- Born: Genia Nemenoff October 23, 1905 Paris, France
- Died: September 19, 1989 (aged 83) Manhattan, New York City, U.S.
- Occupation: Classical pianist
- Instrument: Piano
- Years active: 1937–1968

= Genia Nemenoff =

French classical pianist

Genia Nemenoff (October 23, 1905 - September 19, 1989) was a French classical pianist and a co-founder of the “Luboshutz & Nemenoff” piano duo formed in 1937.

Nemenoff was well known for her pianistic collaboration with her lifelong duet partner and husband, Russian pianist, Pierre Luboshutz. Considered among the greatest duo-piano teams of all time, Nemenoff and Luboshutz toured broadly in the Western hemisphere, including Europe and South Africa during 1940-1950s.

==Early life==
Nemenoff was born in Paris in 1905 to Russian parents. She studied at the Paris Conservatoire with Isidor Philipp and was a pupil of Wager Swayne in her earlier piano training. An avid collaborative pianist, Nemenoff began her performing career primarily as an accompanist for singers.
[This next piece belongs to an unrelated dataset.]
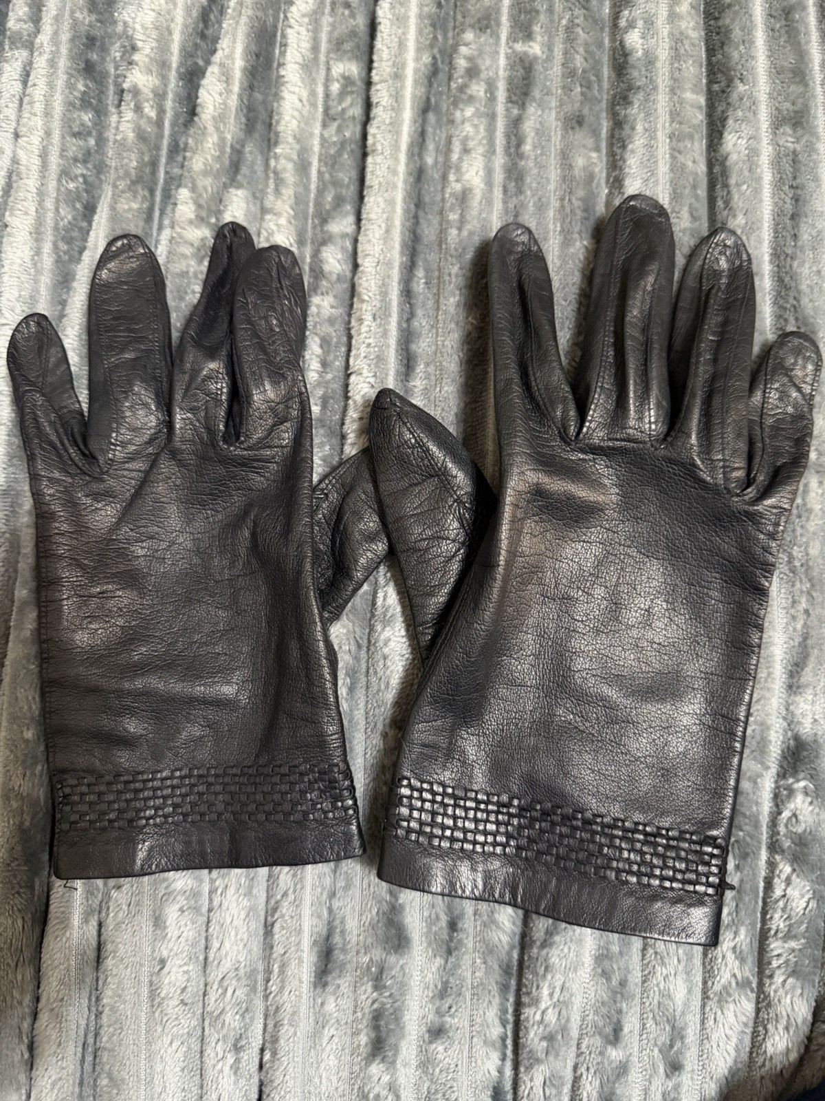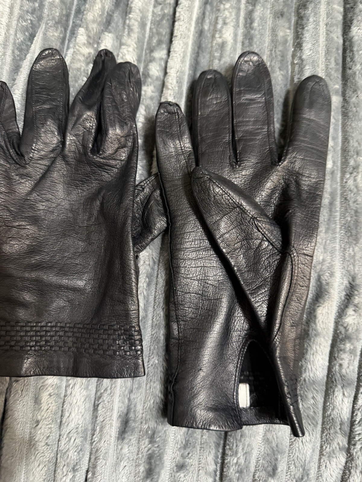 как выглядит Vintage Genuine Leather Black Gloves Made In Italy Women

== Marriage with Luboshutz ==
The romance between Nemenoff and Luboshutz began in 1931. "The couple first met at the Paris Conservatoire where Luboshutz was conducting a piano masterclass for a small group of professionals" and Nemenoff was among the participants. In that year, after her successful Paris debut and tours throughout Europe, Nemenoff married Luboshutz in the United States and they settled in New York City.

The couple's move was also in response to the immigration of Nemenoff's sister-in-law, the celebrated Russian violinist, Lea Luboshutz. She moved to the States due to the Russian revolution and had served as a faculty member at the Curtis Institute of Music in Philadelphia since 1928.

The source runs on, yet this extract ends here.